▸ **TASK DETAILS**
Please reproduce the data exactly, excluding any pictures it contains.

[[ EXTRACTED INFORMATION open ]]

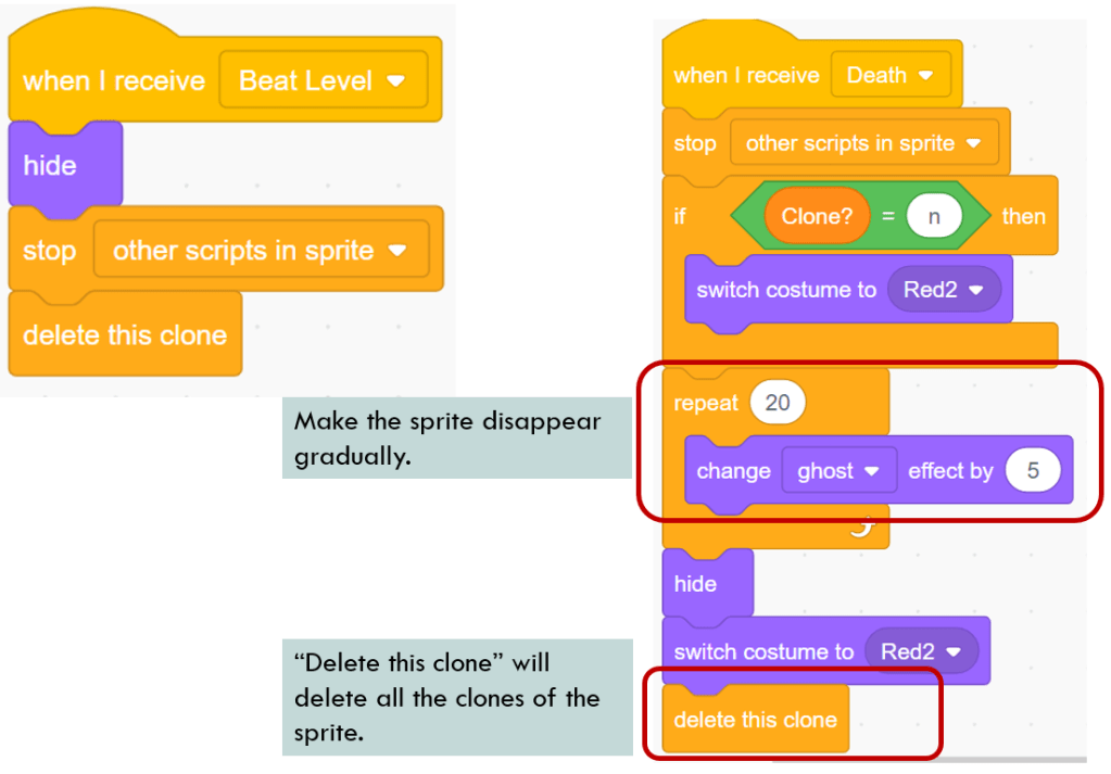 These two code segments are easy to understand. They just hide the sprite and delete all its clones when the user passes one level or invokes “Death” status.
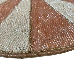 Max Studio Pink & White Candy Stripe Beaded Placemats 15in Set of 2 Holiday New
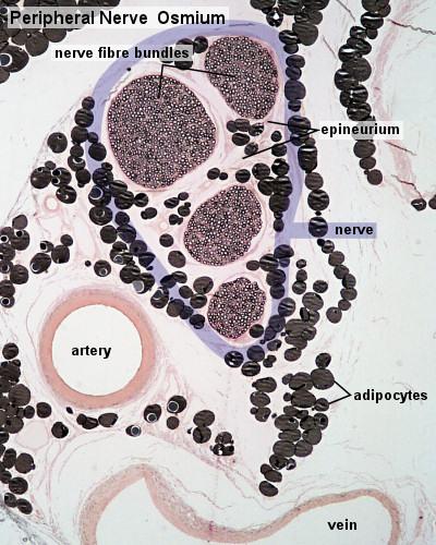 图中被紫色圈出来的部分就是一条神经的截面,里面的四个圆形就是无数被捆在一起的轴突(这里有一个更为生动的图示)。
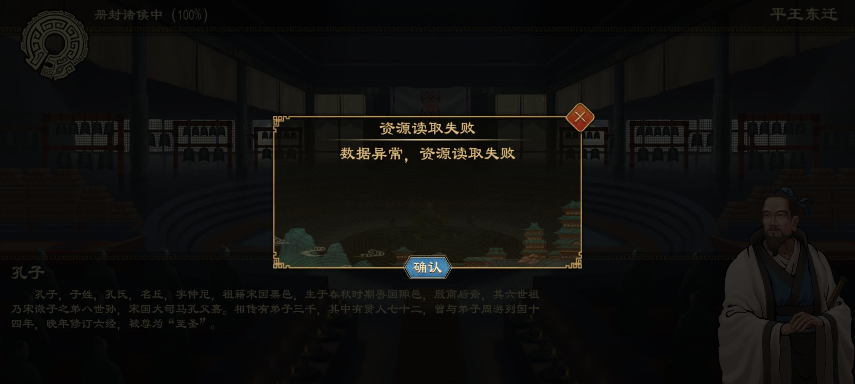 新版本更新后,本想进一个已经完成统一的老存档,方便体验新版本的国族阶段,但是在读取存档后显示数据异常,随后就弹出到了主界面,反复尝试还是不行,重新下载用来备份的云存档后也进不去,反馈一下这个问题
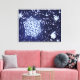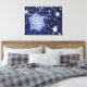 Um close 3D de um floco de neve contra um fundo de quedas de flocos em um céu escuro de inverno.
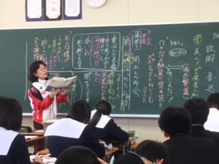 魯迅の「故郷」を学びました。雇い人の息子の閏土の気持ちや出来事をみんなで解いていきます。みんなの発言に笑ってしまうこともありますが仲の良さが伺える3組です。
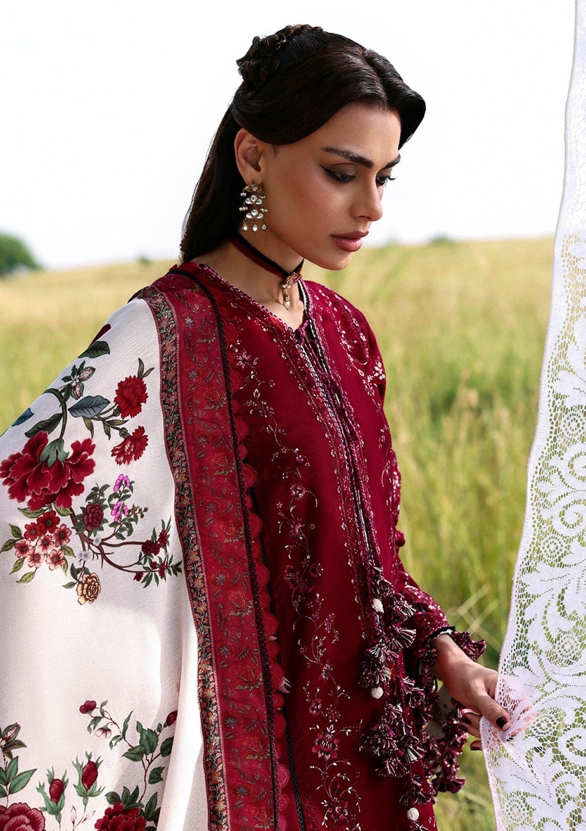Embrace the charm of the season with this deep red long khaddar shirt, beautifully adorned with delicate floral embroidery on side panels and hem. The stylish sleeves and embroidered culotte border add a touch of sophistication, perfectly paired with a wool-composed printed offwhite contrast shawl featuring traditional borders and refined printed facings. A timeless blend of warmth, grace, and heritage — made to make every winter moment stunning
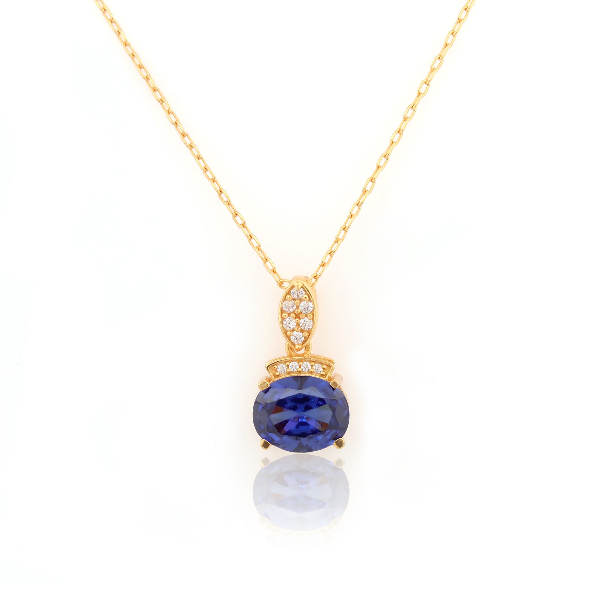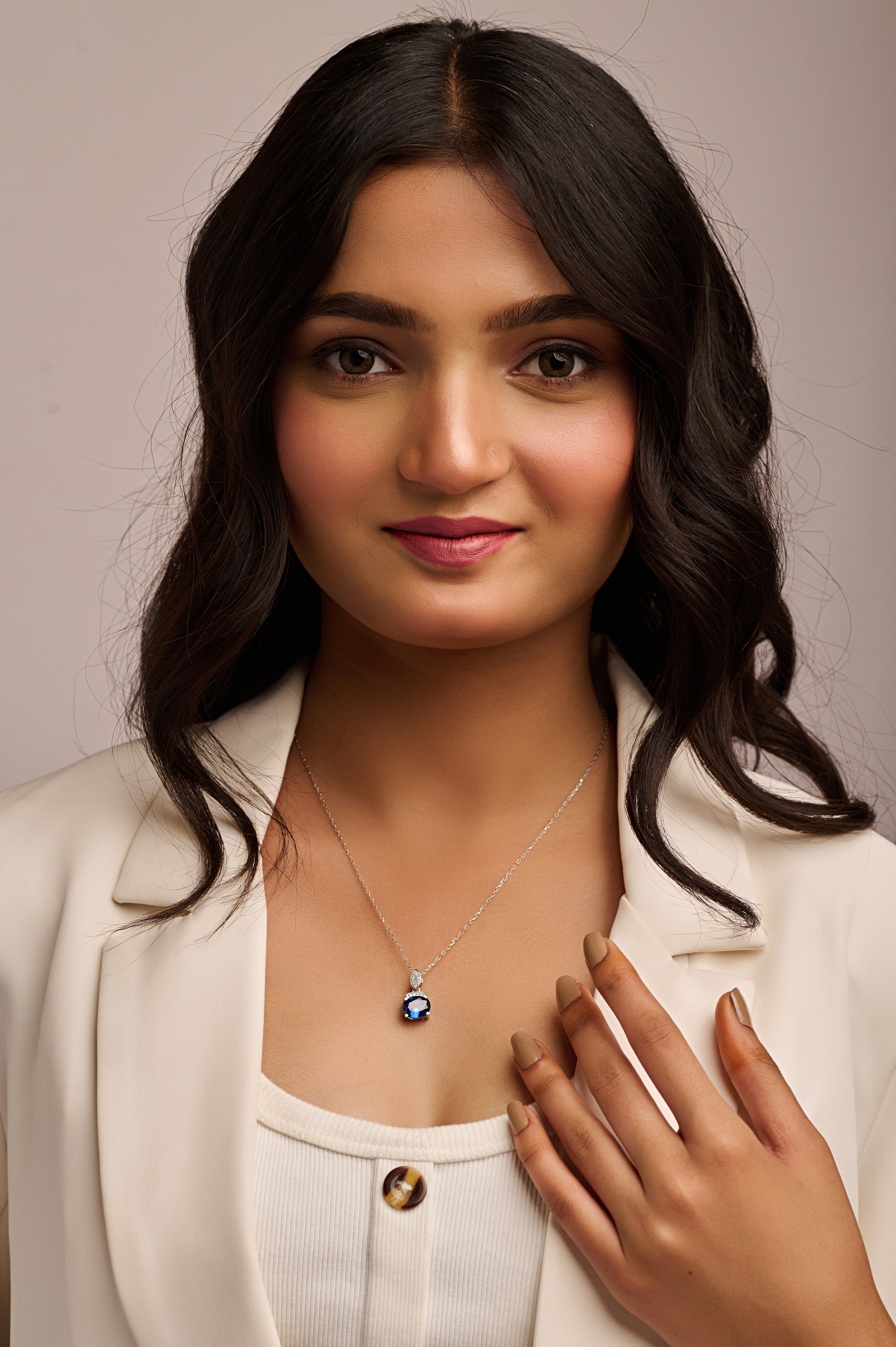 Oval Blue with Marquise Accent 92.5 Silver Pendant Chain
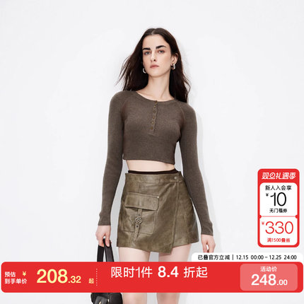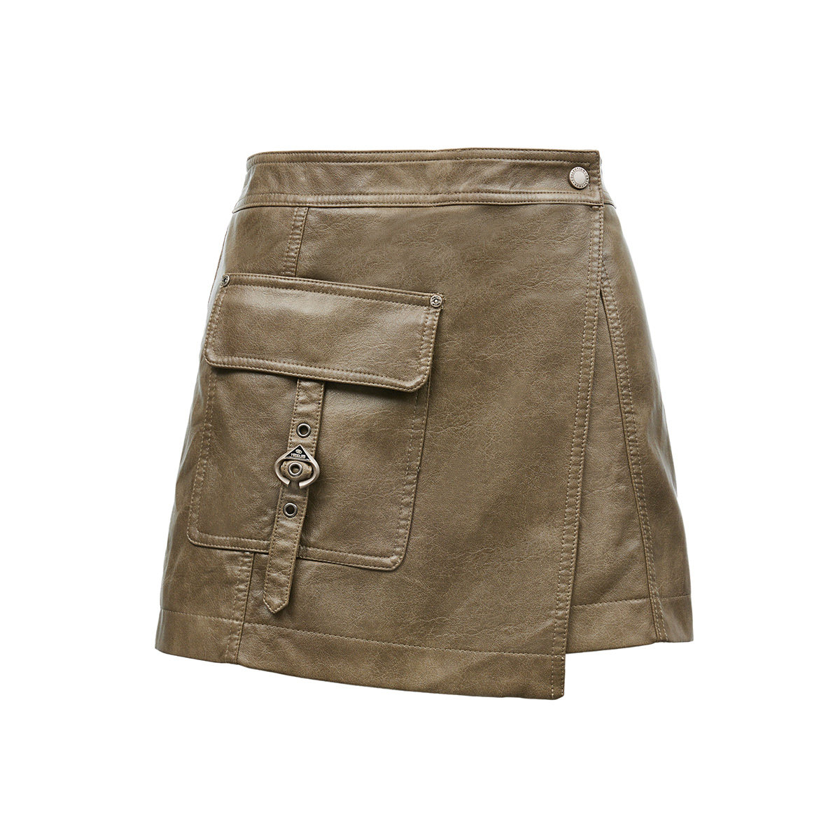 绫致ONLY秋冬新通勤潮酷高腰口袋PU假两件短裤休闲裤女
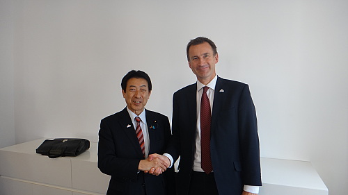 日本に2年間暮らした経験がある、大の知日家である英国のハント保健大臣と活発に意見交換。特に、認知症・高齢化問題や、ハント大臣が来年3月にサミット会議を提唱している患者安全(patient safety)問題などで盛り上がる。少なくとも、サミット会議には、本年10月から施行されたわが国の「医療事故調査制度」の関係者を参加してもらいたい、との要請を受ける。
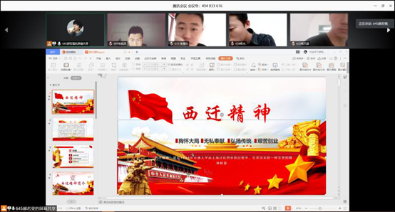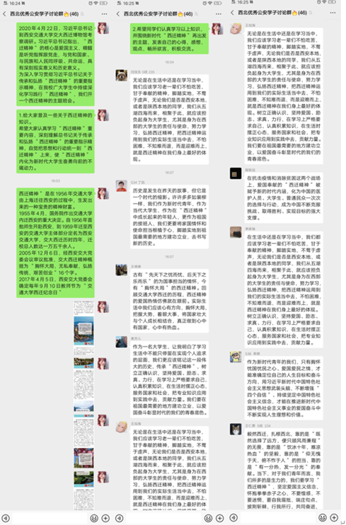 团委书记李凯对青年团员强调到:“身为一名西法大学子定要脚踏实地,潜心学习,奋勇向前,把自己的学业和事业与民族复兴结合起来,到国家需要的地方贡献自己的青春力量。西迁精神是永不磨灭的精神丰碑,是大家学习,进步,发展和西部建设的不竭动力。”各年级学生党支部、团支部在微信群中展现线下讨论,同学们纷纷发表自己对西迁精神的学习感悟。

[[ EXTRACTED INFORMATION closed ]]

▸ **REPLY**
 These two code segments are easy to understand. They just hide the sprite and delete all its clones when the user passes one level or invokes “Death” status.
 Max Studio Pink & White Candy Stripe Beaded Placemats 15in Set of 2 Holiday New
 图中被紫色圈出来的部分就是一条神经的截面,里面的四个圆形就是无数被捆在一起的轴突(这里有一个更为生动的图示)。
 新版本更新后,本想进一个已经完成统一的老存档,方便体验新版本的国族阶段,但是在读取存档后显示数据异常,随后就弹出到了主界面,反复尝试还是不行,重新下载用来备份的云存档后也进不去,反馈一下这个问题
 Um close 3D de um floco de neve contra um fundo de quedas de flocos em um céu escuro de inverno.
 魯迅の「故郷」を学びました。雇い人の息子の閏土の気持ちや出来事をみんなで解いていきます。みんなの発言に笑ってしまうこともありますが仲の良さが伺える3組です。
Embrace the charm of the season with this deep red long khaddar shirt, beautifully adorned with delicate floral embroidery on side panels and hem. The stylish sleeves and embroidered culotte border add a touch of sophistication, perfectly paired with a wool-composed printed offwhite contrast shawl featuring traditional borders and refined printed facings. A timeless blend of warmth, grace, and heritage — made to make every winter moment stunning
 Oval Blue with Marquise Accent 92.5 Silver Pendant Chain
 绫致ONLY秋冬新通勤潮酷高腰口袋PU假两件短裤休闲裤女
 日本に2年間暮らした経験がある、大の知日家である英国のハント保健大臣と活発に意見交換。特に、認知症・高齢化問題や、ハント大臣が来年3月にサミット会議を提唱している患者安全(patient safety)問題などで盛り上がる。少なくとも、サミット会議には、本年10月から施行されたわが国の「医療事故調査制度」の関係者を参加してもらいたい、との要請を受ける。
 团委书记李凯对青年团员强调到:“身为一名西法大学子定要脚踏实地,潜心学习,奋勇向前,把自己的学业和事业与民族复兴结合起来,到国家需要的地方贡献自己的青春力量。西迁精神是永不磨灭的精神丰碑,是大家学习,进步,发展和西部建设的不竭动力。”各年级学生党支部、团支部在微信群中展现线下讨论,同学们纷纷发表自己对西迁精神的学习感悟。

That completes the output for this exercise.